功能：move and/or cast the parameters and buffers，转换模型中的参数和缓存
注意事项：实行的是 inplace 操作
使用：

# 转换数据类型
linear = nn.Linear(2, 2)
print(linear.weight)

linear.to(torch.double)
print(linear.weight)

# 迁移至 GPU
gpu1 = torch.device("cuda:1")
linear.to(gpu1)
print(linear.weight)

将 torch.device() 与 to() 函数联合使用：

device = torch.device("cuda" if torch.cuda.is_available() else "cpu")
model.to(device)
inputs, labels = inputs.to(device), labels.to(device)

通常，会采用 torch.cuda.is_available() 函数来自适应当前设备，若没有 GPU 可用，自动设置 device 为 CPU，不会影响代码的运行。

tensor

import torch
from torch import nn

tensor = torch.rand((100, 100))

tensor on gpu

if torch.cuda.is_available():
    tensor_gpu = tensor.to("cuda:0")  
    # or tensor_gpu = tensor.cuda()

    print(tensor_gpu.device)
    print(tensor_gpu.is_cuda)

device(type='gpu')
True

tensor on cpu

tensor_cpu = tensor_gpu.to("cpu")  
# or tensor_cpu = tensor_gpu.cpu()

print(tensor_cpu.device)
print(tensor_cpu.is_cuda)

device(type='cpu')
False

将模型中的全部张量移动到 GPU 上

import tensor
from torch import nn

# 模型
net = nn.linear(2, 1)
print(next(net.parameters()).device)
print(next(net.parameters()).is_cuda)

# 移动模型到 GPU 上
# 注意: 无需重新赋值为 net= = net.to("cuda:0")
if torch.cuda.is_available():
    net.to("cuda:0")
    print(next(net.parameters()).device)
    print(next(net.parameters()).is_cuda)

创建支持多个 GPU 数据并行的模型

import tensor
from torch import nn

# 模型
linear = nn.Linear(2, 1)
print(next(linear.parameters()).device)
print(next(linear.parameters()).is_cuda)

# 包装模型为并行风格
if torch.cuda.device_count() > 1:
    model = nn.DataParallel(linear)
    print(model.device_ids)
    print(next(model.module.parameters()).device)

    # 保存参数时要指定保存 model.module 的参数
    torch.save(
        model.module.state_dict(), 
        "model_parameter.pt"
    )

    # 加载模型
    linear = nn.Linear(2, 1)
    linear.load_state_dict(torch.load("model_parameter.pt"))

PyTorch GPU 模型训练方式

GPU 训练模型

PyTorch 中使用 GPU 加速模型非常简单，只要将模型和数据移动到 GPU 上，核心代码只有几行：

import torch
print(f"torch.__version__ = {torch.__version__}")

设备：

device = torch.device(
    "cuda:0" if torch.cuda.is_available() 
    else "cpu"
)
print(f"Using {device} device")

定义模型：

class Net(torch.nn.Module):

    def __init__(self):
        super(Net, self).__init__()
    
    def forward(self, x):
        output = x
        return output

model = Net()

移动模型到 CUDA：

model.to(device)

训练模型：

model.fit()

移动数据到 CUDA：

features = features.to(device)
labels = labels.to(device)
# labels = labels.cuda() if torch.cuda.is_available() else labels

多 GPU 训练模型

PyTorch 默认使用单个 GPU 执行运算

如果要使用多个 GPU 训练模型，只需要将模型设置为数据并行风格模型。

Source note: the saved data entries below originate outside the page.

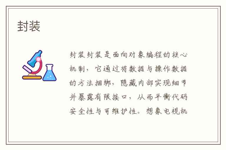 封装是面向对象编程的核心机制,它通过将数据与操作数据的方法捆绑,隐藏内部实现细节并暴露有限接口,从而平衡代码安全性与可维护性。想象电视机的设计:用户只需通过遥控器(接口)操作,无需了解电路板构造——这正是封装的现实映射,既保护内部元件(数据安全),又简化使用流程(降低复杂度)。
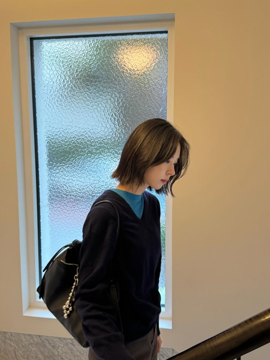 네이비 브이넥 니트 안에 쿨한 블루 이너를 받쳐 입은 레이어드 룩이에요. 얼굴 쪽으로 컬러가 모이면서 시선이 자연스럽게 위로 올라가 전체 비율이 좋아 보이에요. 하의는 차분한 그레이 톤으로 맞춰서 상의 컬러가 더 살아나죠. 블랙 백팩과 진주 키링으로 귀여운 포인트까지 챙긴 실용적인 데일리룩이에요.
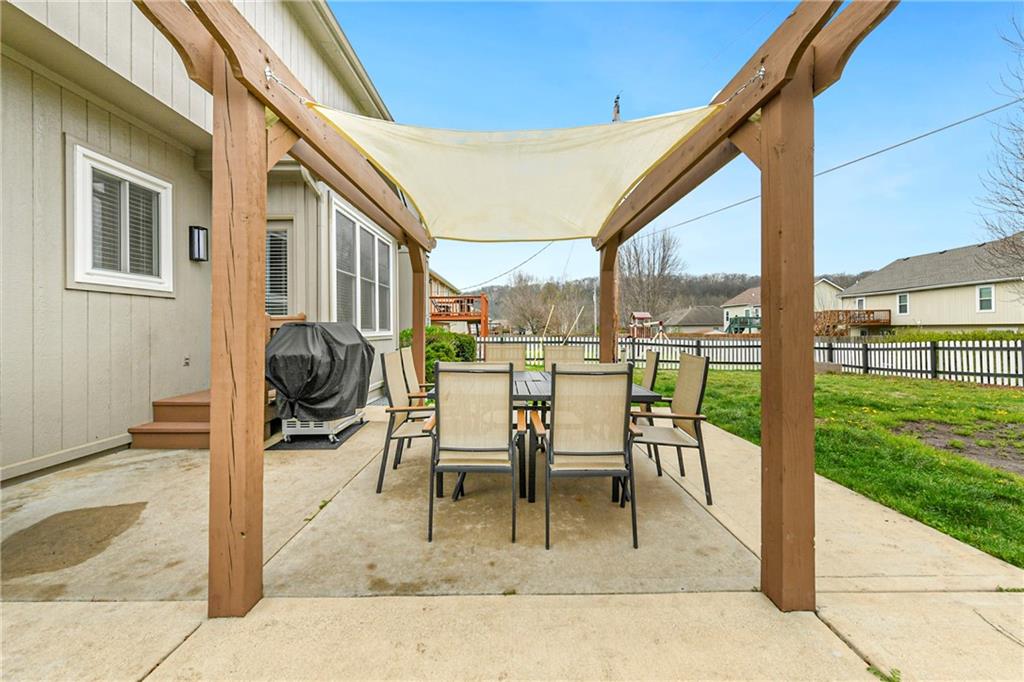 If you’ve been searching for a home that actually fits your life, not just your budget, this is where your story starts. Located in Whispering Hills, this 5-bedroom, 3.5-bath home gives you the space, layout, and flexibility most buyers struggle to find. With over 2,300 square feet above grade plus a finished basement, you finally have room for everything. Work from home, host gatherings, or give everyone their own space without feeling cramped. From the moment you walk in, the tall ceilings and natural light create a sense of openness. The front flex space works perfectly as a home office or formal dining area, while the living room with fireplace flows seamlessly into the kitchen and dining area. It is the kind of layout that makes everyday living easier and entertaining natural. The kitchen is positioned as the hub of the home, with plenty of cabinet space and a clear view of the dining area and backyard. Upstairs, the primary suite gives you a private retreat with a large bedroom, en suite bath, and walk-in closet. Downstairs, the finished basement expands your options even further. Whether it becomes a second living area, guest space, gym, or playroom, it gives you flexibility that adapts to your needs over time. Step outside and you will find a fully fenced backyard with a patio and pergola. This is where weekends happen. Cookouts, quiet evenings, or letting pets and kids play freely. The lot size offers usable space without overwhelming maintenance. The 3-car garage solves another common problem. Storage, vehicles, and hobbies all have a place. Located in a quiet neighborhood with easy access to Fort Leavenworth, this home checks the boxes that matter most for relocation buyers and anyone needing space and functionality. If you have been waiting for the right home that balances space, layout, and location, this is your opportunity. Schedule your showing today and step into a home designed to support your next chapter.

模型移动到 GPU 上之后，会在每一个 GPU 上拷贝一个副本，并把数据平分到各个 GPU 上进行训练。

import torch
print(f"torch.__version__ = {torch.__version__}")

设备：

device = torch.device(
    "cuda:0" if torch.cuda.is_available() 
    else "cpu"
)
print(f"Using {device} device")

定义模型：

class Net(torch.nn.Module):

    def __init__(self):
        super(Net, self).__init__()
    
    def forward(self, x):
        output = x
        return output

model = Net()

包装模型为并行风格、移动模型到 CUDA：

if torch.cuda.device_count() > 1:
    print("Let's use", torch.cuda.device_count(), "GPUs!")
    model = torch.nn.DataParallel(model)
    model.to(device)

训练模型：

model.fit()

移动数据到 CUDA：

features = features.to(device)
labels = labels.to(device)
# labels = labels.cuda() if torch.cuda.is_available() else labels

PyTorch GPU 使用示例

矩阵乘法示例

分别使用 CPU 和 GPU 做矩阵乘法，并比较其计算效率

使用 CPU

import time
import torch
from torch import nn

a = torch.rand((10000, 200))
b = torch.rand((200, 10000))

tic = time.time()
c = torch.matmul(a, b)
toc = time.time()

print(toc - tic)
print(a.device)
print(b.device)

使用 GPU

import time
import torch
from torch import nn

# 设备
device = torch.device(
    "cuda:0" if torch.cuda.is_available() 
    else "cpu"
)
print(f"Using {device} device")

a = torch.rand((10000, 200), device = device)
b = torch.rand((200, 10000))
b = b.to(device)  
# or b = b.cuda() if torch.cuda.is_available() else b

tic = time.time()
c = torch.matmul(a, b)
toc = time.time()

print(toc - tic)
print(a.device)
print(b.device)

线性回归示例

使用 CPU 和 GPU 训练一个线性回归模型的效率

使用 CPU

import torch
from torch import nn

数据：

n = 1000000  # 样本数量
X = 10 * torch.rand([n, 2]) - 5
w0 = torch.tensor([2.0, -3.0])
b0 = torch.tensor([10.0])
Y = X@w0.t() + b0 + torch.normal(0.0, 2.0, size = [n, 1])

定义模型：

class LinearRegression(nn.Module):

    def __init__(self):
        super().__init__()
        self.w = nn.Parameter(torch.randn_like(w0))
        self.b = nn.Parameter(torch.zeros_like(b0))
    
    def forward(self, x):
        return x@self.w.t() + self.b
    
linear = LinearRegression()

训练模型：

optimizer = torch.optim.Adam(linear.parameters(), lr = 0.1)
loss_fn = nn.MSELoss()

def train(epoches):
    tic = time.time()
    for epoch in range(epoches):
        optimizer.zero_grad()
        # 正向传播
        Y_pred = linear(X)
        # 损失函数
        loss = loss_fn(Y_pred, Y)
        # 反向传播
        loss.backward()
        # 更新权重参数
        optimizer.step()
        if epoch % 50 == 0:
            print(f"epoch: {epoch}, loss: {loss.item()}")
    toc = time.time()
    print(f"time used: {toc - tic}")

train(500)

使用 GPU

import torch
from torch import nn

设备：

device = torch.device(
    "cuda:0" if torch.cuda.is_available() 
    else "cpu"
)
print(f"Using {device} device")

数据：

n = 1000000  # 样本数量
X = 10 * torch.rand([n, 2]) - 5
w0 = torch.tensor([2.0, -3.0])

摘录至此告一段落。